First go with the ECB Gourmet, smoked a pizza fattie (seperate post) and ABT's (this post) I was pretty impressed with how the ECB held the heat, held at about 275* for about 4 hours with one full chimmney of briquets, a full water pan, and three chunks of mesquite (i like the smoky flavor) smoked the fattie and the ABT's for about 2 hours at about 275*...q-view!

no ingredient spread, not enough time, clean hands and click the pix...
used cream cheese, mexican blend cheese (already shredded sargento type), cocktail weiners-nathan's brand (i can't find litl smokies anywhere on Long Island-what gives?), bacon and jalapenos

mixed cream cheese with some of the cheese and a bit of some southwest seasoning. Piped into the jalapenos (i did the canoe style) using a baggie with the corner snipped off, worked like a charm...

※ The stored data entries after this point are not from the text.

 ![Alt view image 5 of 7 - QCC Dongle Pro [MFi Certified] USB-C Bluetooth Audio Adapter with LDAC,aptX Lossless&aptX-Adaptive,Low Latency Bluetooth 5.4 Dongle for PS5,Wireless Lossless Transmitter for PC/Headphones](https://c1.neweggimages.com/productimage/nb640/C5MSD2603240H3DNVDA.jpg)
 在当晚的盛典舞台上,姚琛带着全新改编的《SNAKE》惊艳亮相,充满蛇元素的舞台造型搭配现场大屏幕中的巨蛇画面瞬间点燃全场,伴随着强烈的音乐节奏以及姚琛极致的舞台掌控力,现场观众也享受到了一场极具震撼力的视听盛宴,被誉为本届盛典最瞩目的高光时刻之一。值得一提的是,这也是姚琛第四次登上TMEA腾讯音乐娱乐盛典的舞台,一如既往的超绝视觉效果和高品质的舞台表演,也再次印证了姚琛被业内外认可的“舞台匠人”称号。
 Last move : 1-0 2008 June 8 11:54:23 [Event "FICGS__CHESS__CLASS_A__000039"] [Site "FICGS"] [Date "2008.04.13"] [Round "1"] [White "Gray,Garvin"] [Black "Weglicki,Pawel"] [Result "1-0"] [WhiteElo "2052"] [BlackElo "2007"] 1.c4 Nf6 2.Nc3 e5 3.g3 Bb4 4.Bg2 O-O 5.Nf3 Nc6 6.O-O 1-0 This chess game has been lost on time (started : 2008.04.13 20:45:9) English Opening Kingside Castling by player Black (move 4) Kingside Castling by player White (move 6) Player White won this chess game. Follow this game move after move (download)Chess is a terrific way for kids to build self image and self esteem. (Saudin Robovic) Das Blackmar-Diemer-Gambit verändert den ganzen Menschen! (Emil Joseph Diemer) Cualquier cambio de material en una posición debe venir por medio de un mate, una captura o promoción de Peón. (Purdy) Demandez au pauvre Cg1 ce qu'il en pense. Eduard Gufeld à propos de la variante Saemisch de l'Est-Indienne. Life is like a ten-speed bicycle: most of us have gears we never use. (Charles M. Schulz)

smoked and done! i used skewers through the bacon and the wiener to secure the ABT

done after 2 hours, no leftovers! they were super yummy!

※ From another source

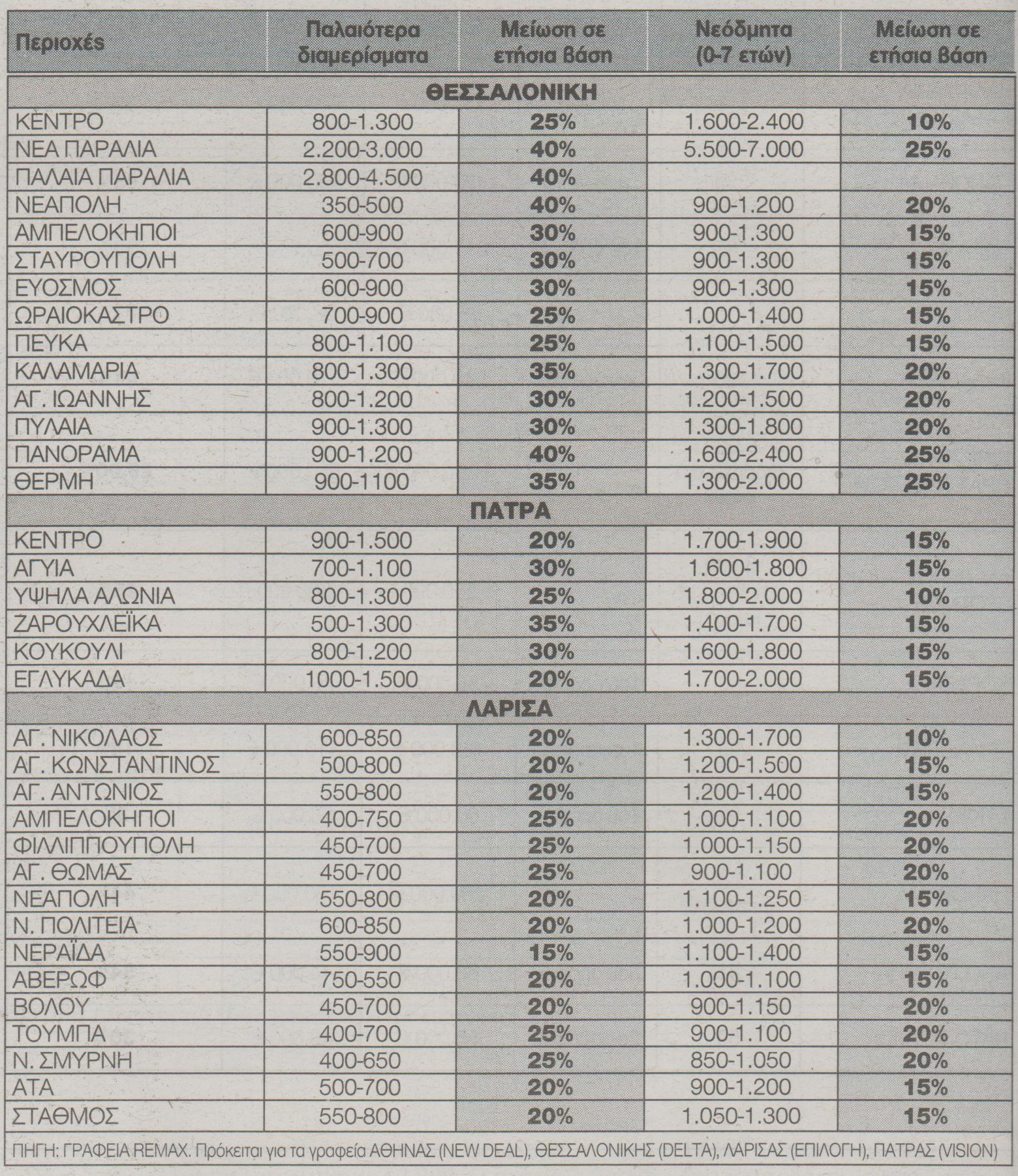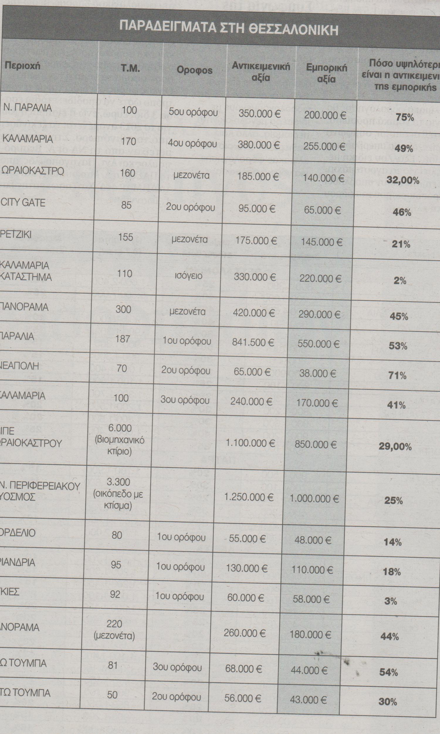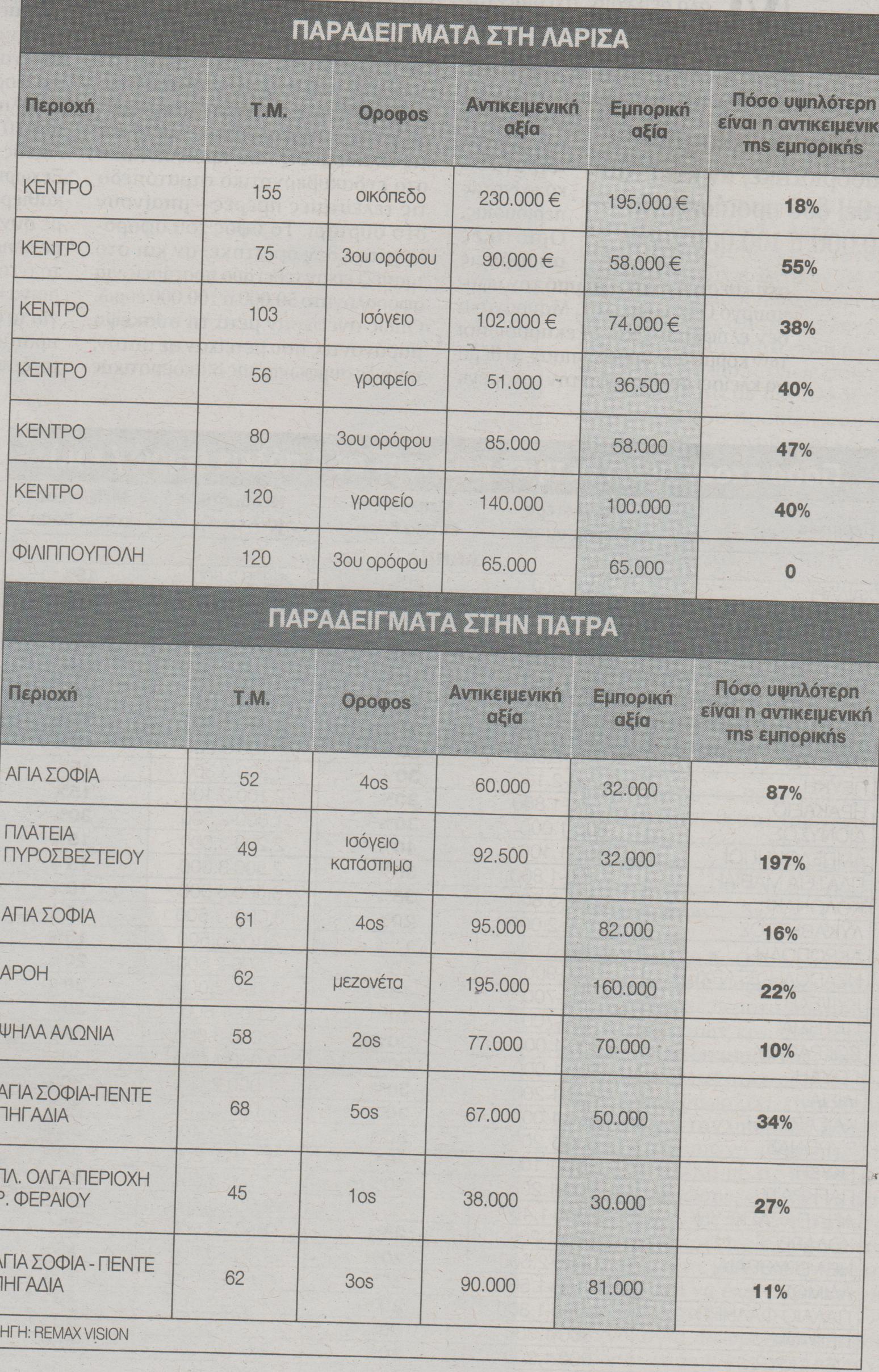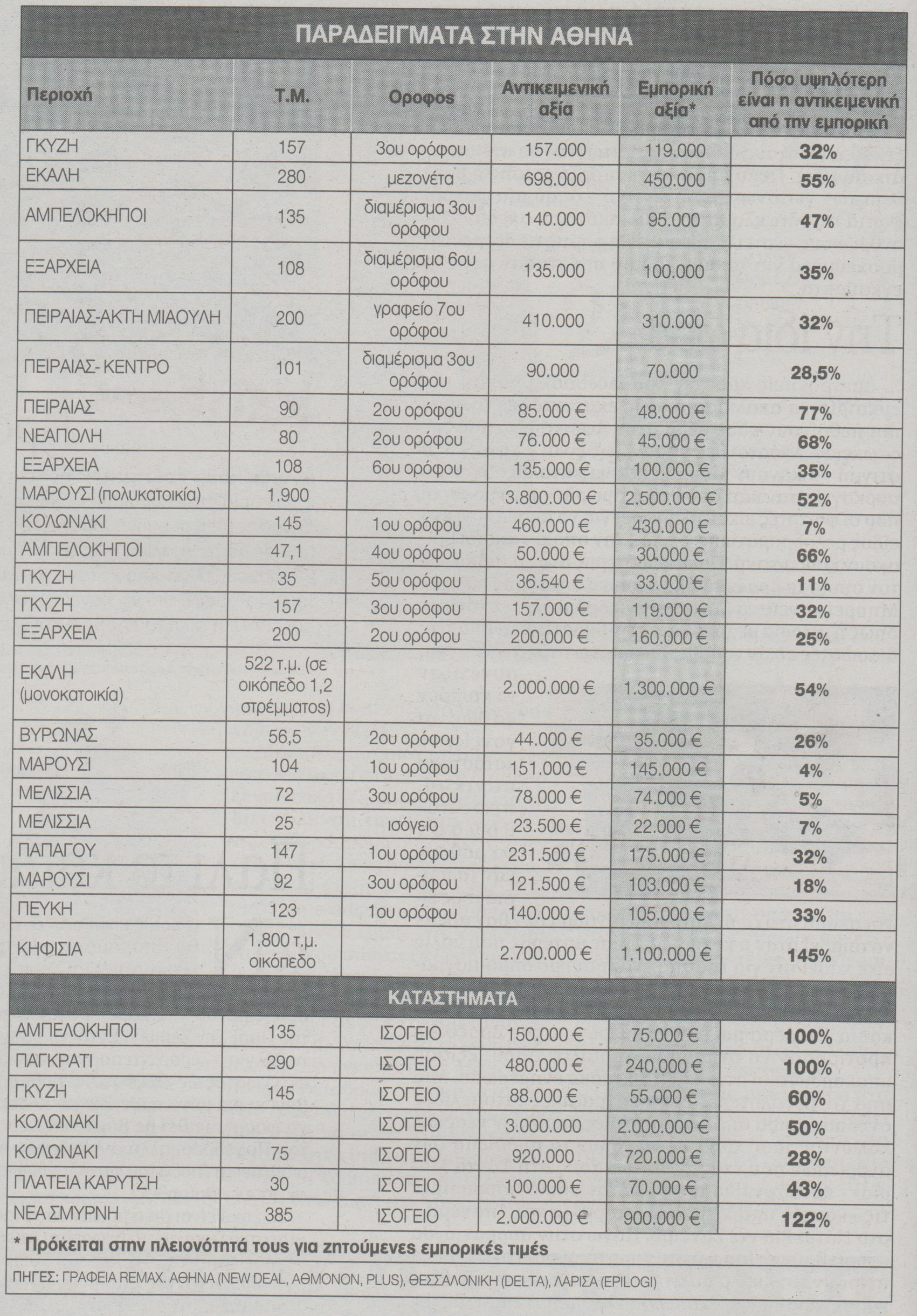Την ίδια στιγμή σε πάρα πολλές περιοχές της χώρας οι αντικειμενικές τιμές έχουν φτάσει να είναι ακόμη και υπερδιπλάσιες των εμπορικών τιμών. Το γεγονός αυτό δημιουργεί την ανάγκη για μειώσεις των αντικειμενικών τιμών στην επικείμενη αναπροσαρμογή τους όπως προβλέπει και το Μνημόνιο.

Thanks to everyone here, made my first attempt a success!


----------



## chisoxjim (Aug 2, 2009)

those look awesome,  nice first go of it.


----------



## fire it up (Aug 2, 2009)

Wow!  They look great, congrats on such a success for your first go.
Bet the Nathan's were great inside of them.


----------



## beer-b-q (Aug 2, 2009)

They look great, got me wanting to make some now.  I guess tomorrow will have to do...


----------



## bigsteve (Aug 3, 2009)




----------



## shooterrick (Aug 3, 2009)

Looks great man.  Good Job!  Points to ya.


----------



## cajunsmoke13 (Aug 3, 2009)

Those ABT's look awesome.  Nice job


----------



## mballi3011 (Aug 3, 2009)

Looks good Natureman I like the skrewers nice idea.


----------



## irishteabear (Aug 4, 2009)

Nice! 
	

	
	
		
		



		
		
	


	





 Good job on your first abt's.


----------



## planeguy (Aug 4, 2009)

Looks good my friend. Where on Long Island are you?


----------



## natureman (Aug 4, 2009)

not to far from you! i'm in Islip Terrace...how is momma lombardi's market? been meaning to get there and  see what they got...

thanks for all the kudos!


----------